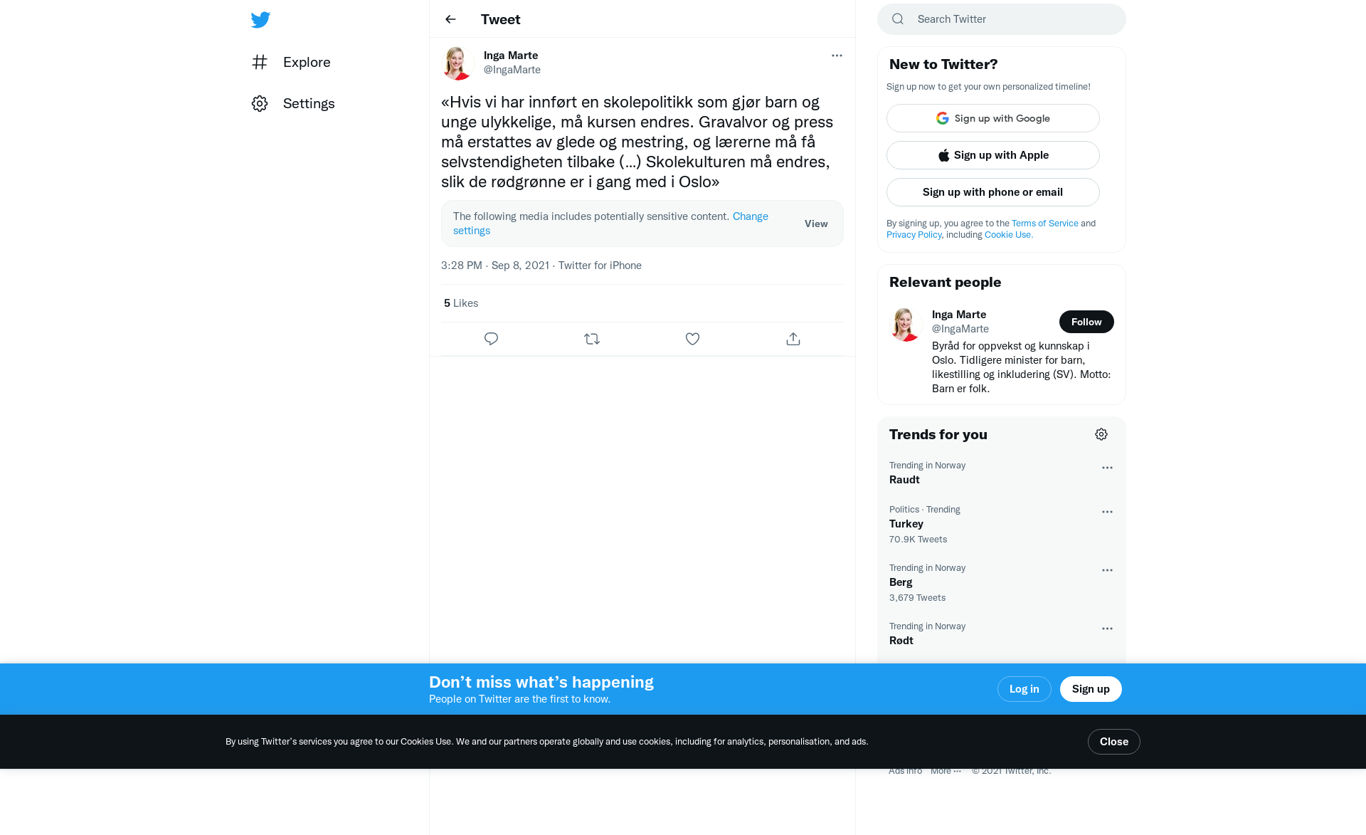 «Hvis vi har innført en skolepolitikk som gjør barn og unge ulykkelige, må kursen endres. Gravalvor og press må erstattes av glede og mestring, og lærerne må få selvstendigheten tilbake (…) Skolekulturen må endres, slik de rødgrønne er i gang med i Oslo» https://t.co/2xpR5AdNiN
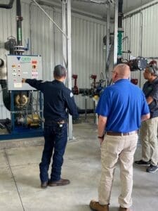 People looking at poster boardsTo protect the public, four city wells were shut down after the discovery. In 2012, two of those wells were reactivated to pump water into the new treatment facility. One well retired in July 2024, the remaining well continues to support treatment operations.
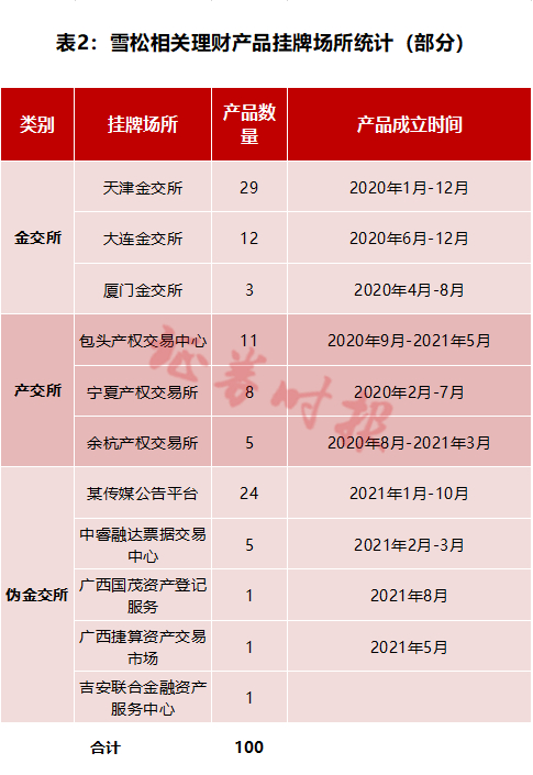 记者把这100份产品文件汇总统计发现,这100只产品共计涉及11个挂牌场所,包括金交所、产交所、伪金交所三大类(表2)。其中,大连金交所系雪松自身控股的金交所。
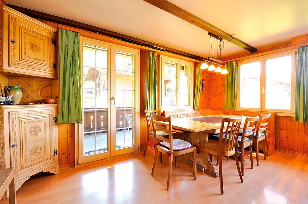 Haus: Sehr schönes schweizer Holzchalet mit 2 Ferienwohnungen. Ruhige Lage oberhalb des Ortes, umgeben von Almwiesen. Blick ins Tal und auf die umliegende Bergwelt. Schöne Wanderwege beginnen direkt vor der Haustür! Ortsmitte mit Freibad, Bergbahnen 2,9 km.
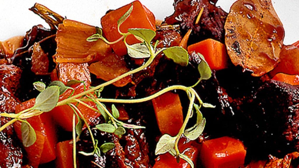 1. Kuori ja kuutioi sipulit ja porkkanat karkeasti. Paloittele liha isoiksi kuutioiksi. Ruskista voi suuressa paistinpannussa ja paista lihat niin että ne saavat hyvän paistopinnan. Mausta suolalla ja pippurilla. Lisää sipulit ja porkkanat pannuun ja anna niidenkin ruskistua. Puuteroi päälle vehnäjauhoja, sekoittele ja paista vielä muutama minuutti.
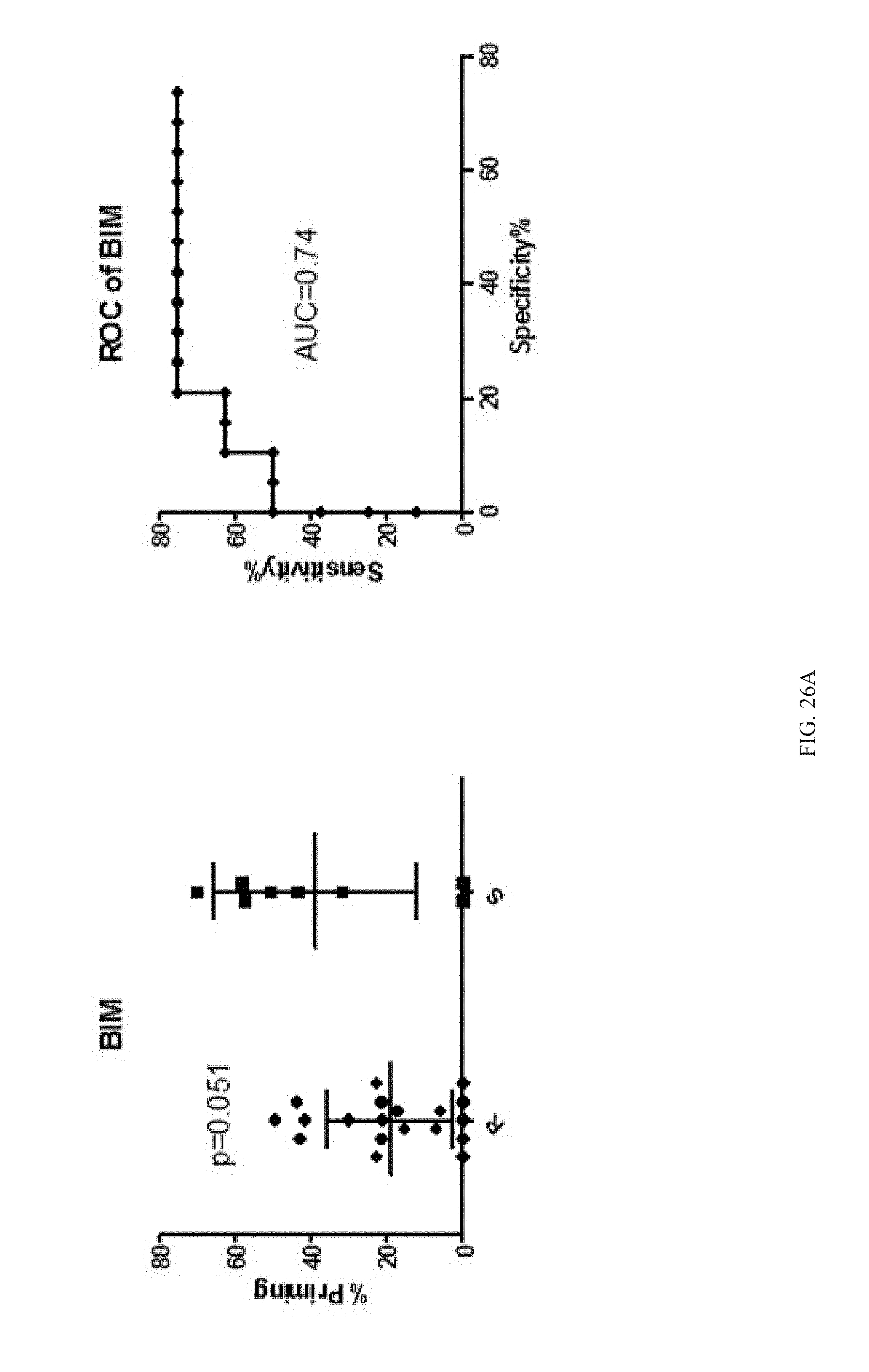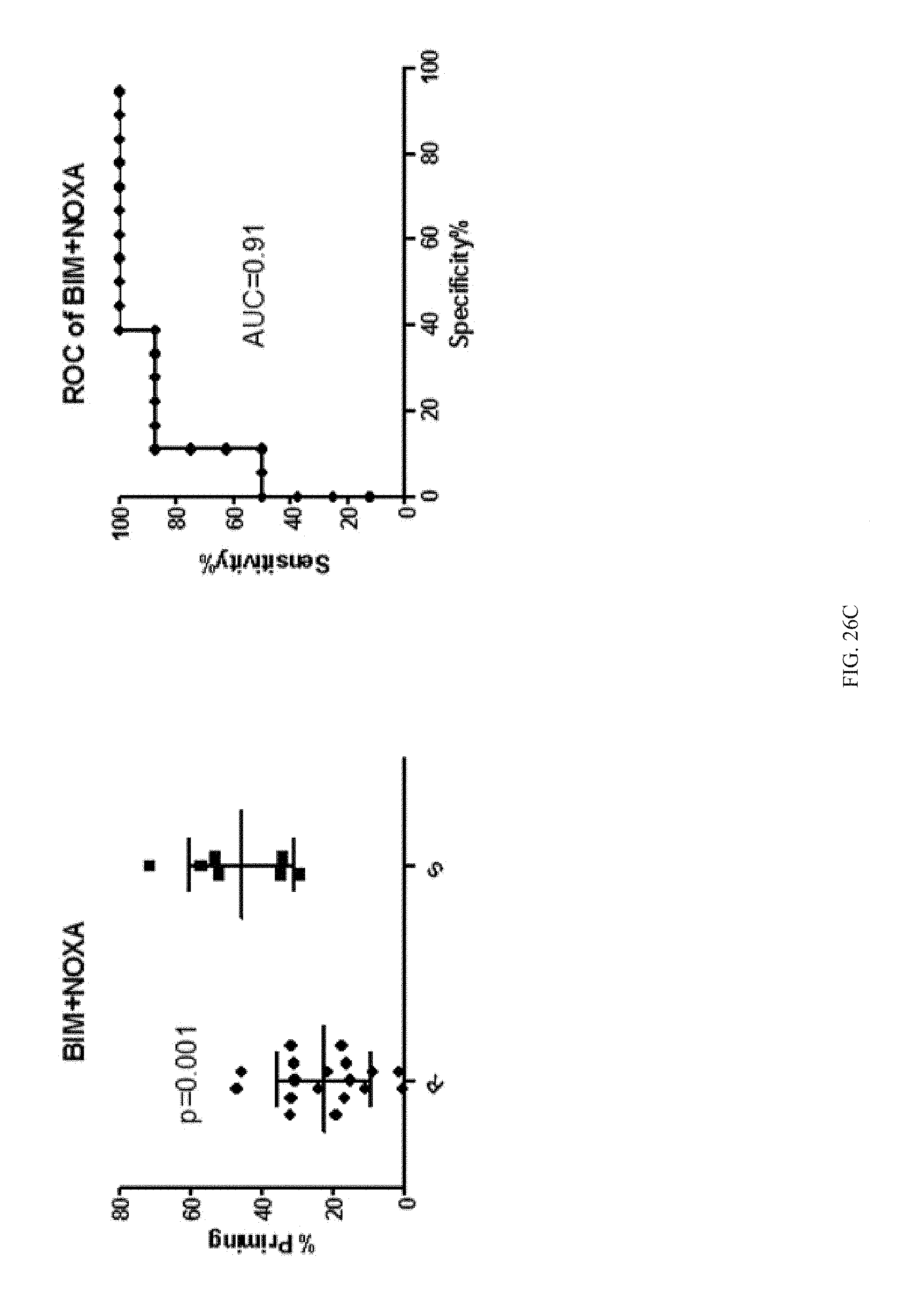 For individual markers, only BIM and NOXA yielded borderline significant association with response (p=0.05 and p=0.02, respectively). All other biomarker p-values>0.1. However, when BIM and NOXA were combined the presently described approach, correlation with response was highly significant (p=0.001). Further, the ROC for sensitivity/specificity was 0.91. This is univariate analyses only and may be stronger statistically when clinical adjustment variables are weighed (e.g., age, cytogenetic status, etc) (FIG. 26A, FIG. 26B, FIG. 26C, and FIG. 26D).
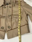 This White House Black Market cropped military style jacket in size 2 is a stylish and versatile addition to any wardrobe. Made from a durable cotton blend outer shell with a soft polyester lining, this short-length jacket features a solid white color with button accents for added detail. Perfect for various occasions such as parties, casual outings, or business meetings, this jacket is designed with long sleeves and a full zip closure for easy wear. With its classic military-inspired theme, this designer piece is perfect for the winter, fall, and spring seasons, making it a must-have for any fashion-forward woman.
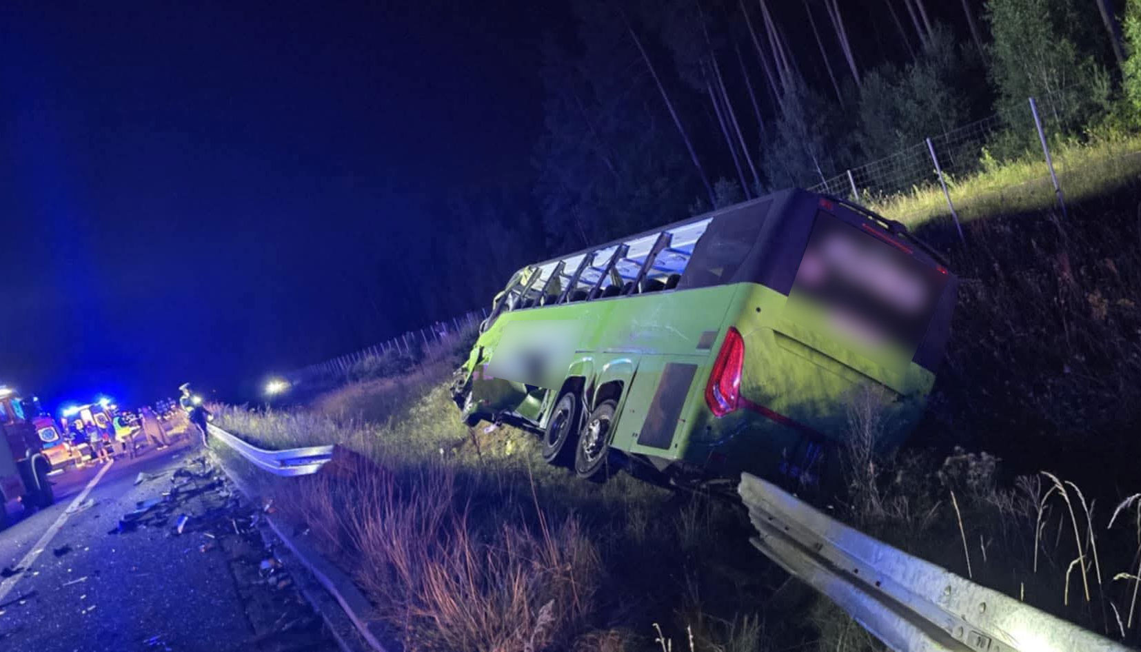 Do wypadku trzech pojazdów doszło po godz. 21.00. Samochód ciężarowy z naczepą najechał na bariery i wypadł na jezdnię w przeciwnym kierunku ruchu, zderzając się z autokarem i autem osobowym. Ciężarówka przewożąca zboże zapaliła się, a ładunek wysypał się na drogę. Dwaj kierowcy w ciężkim stanie trafili do szpitala. Na badania zabranych zostało też pięciu pasażerów autobusu.
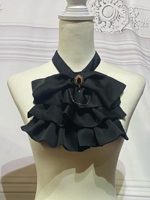 チェーン付きゴシック調フリルタイ:黒×黒石アンティークゴールド
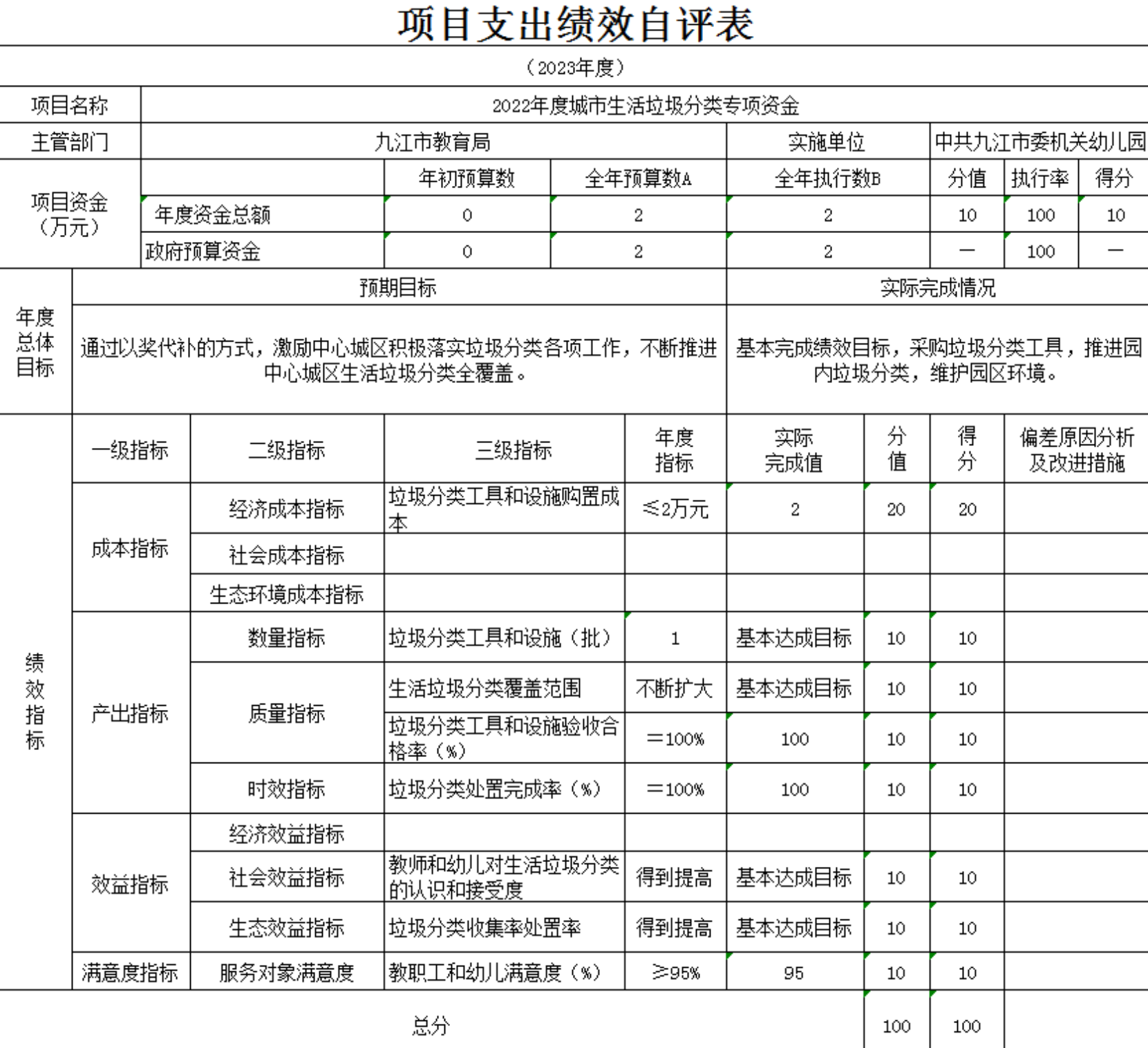 本单位“2022年度城市生活垃圾分类专项资金项目支出绩效自评表”如下:
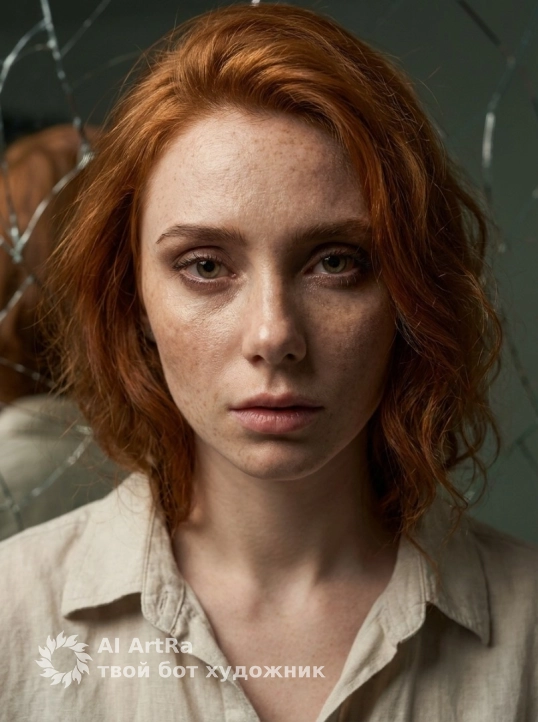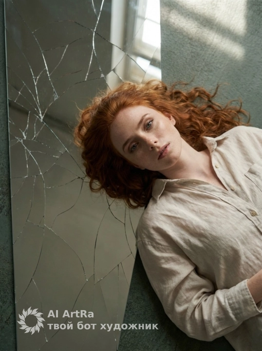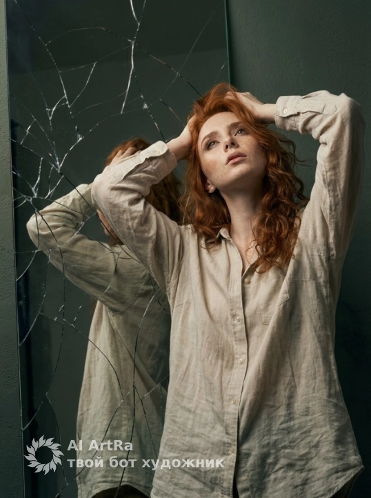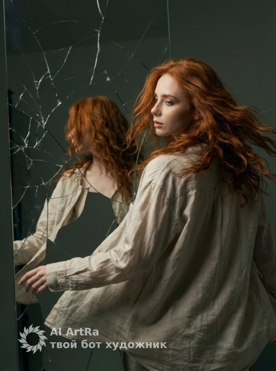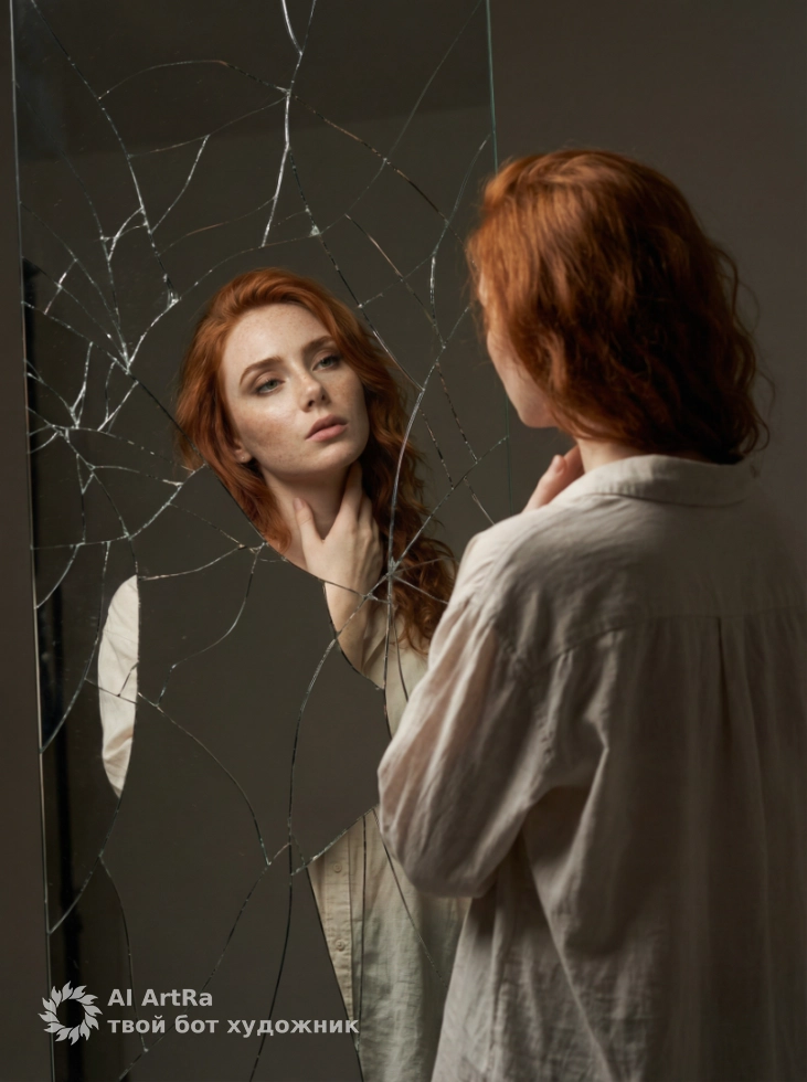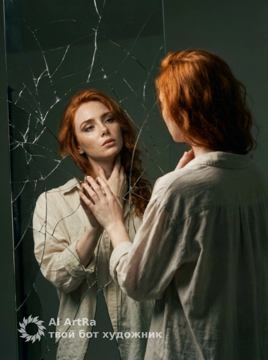 Работа с референсным фото позволит сохранить все детали вашего образа, от макияжа до выражения лица, создавая впечатление, что вы сами стоите перед большим зеркалом, обрамленным трещинами. Ваше отражение будет таким же, как на исходной фотографии, но облеченное в новый контекст, позволяя зрителю увидеть не только внешность, но и внутренний мир.

§

[Task prompt] Pictures are to be left out, and the lines from the beginning of the records through the line with "For individual markers, only" are to be printed exactly, with nothing added.

[Task response]
 «Hvis vi har innført en skolepolitikk som gjør barn og unge ulykkelige, må kursen endres. Gravalvor og press må erstattes av glede og mestring, og lærerne må få selvstendigheten tilbake (…) Skolekulturen må endres, slik de rødgrønne er i gang med i Oslo» https://t.co/2xpR5AdNiN
 People looking at poster boardsTo protect the public, four city wells were shut down after the discovery. In 2012, two of those wells were reactivated to pump water into the new treatment facility. One well retired in July 2024, the remaining well continues to support treatment operations.
 记者把这100份产品文件汇总统计发现,这100只产品共计涉及11个挂牌场所,包括金交所、产交所、伪金交所三大类(表2)。其中,大连金交所系雪松自身控股的金交所。
 Haus: Sehr schönes schweizer Holzchalet mit 2 Ferienwohnungen. Ruhige Lage oberhalb des Ortes, umgeben von Almwiesen. Blick ins Tal und auf die umliegende Bergwelt. Schöne Wanderwege beginnen direkt vor der Haustür! Ortsmitte mit Freibad, Bergbahnen 2,9 km.
 1. Kuori ja kuutioi sipulit ja porkkanat karkeasti. Paloittele liha isoiksi kuutioiksi. Ruskista voi suuressa paistinpannussa ja paista lihat niin että ne saavat hyvän paistopinnan. Mausta suolalla ja pippurilla. Lisää sipulit ja porkkanat pannuun ja anna niidenkin ruskistua. Puuteroi päälle vehnäjauhoja, sekoittele ja paista vielä muutama minuutti.
 For individual markers, only BIM and NOXA yielded borderline significant association with response (p=0.05 and p=0.02, respectively). All other biomarker p-values>0.1. However, when BIM and NOXA were combined the presently described approach, correlation with response was highly significant (p=0.001). Further, the ROC for sensitivity/specificity was 0.91. This is univariate analyses only and may be stronger statistically when clinical adjustment variables are weighed (e.g., age, cytogenetic status, etc) (FIG. 26A, FIG. 26B, FIG. 26C, and FIG. 26D).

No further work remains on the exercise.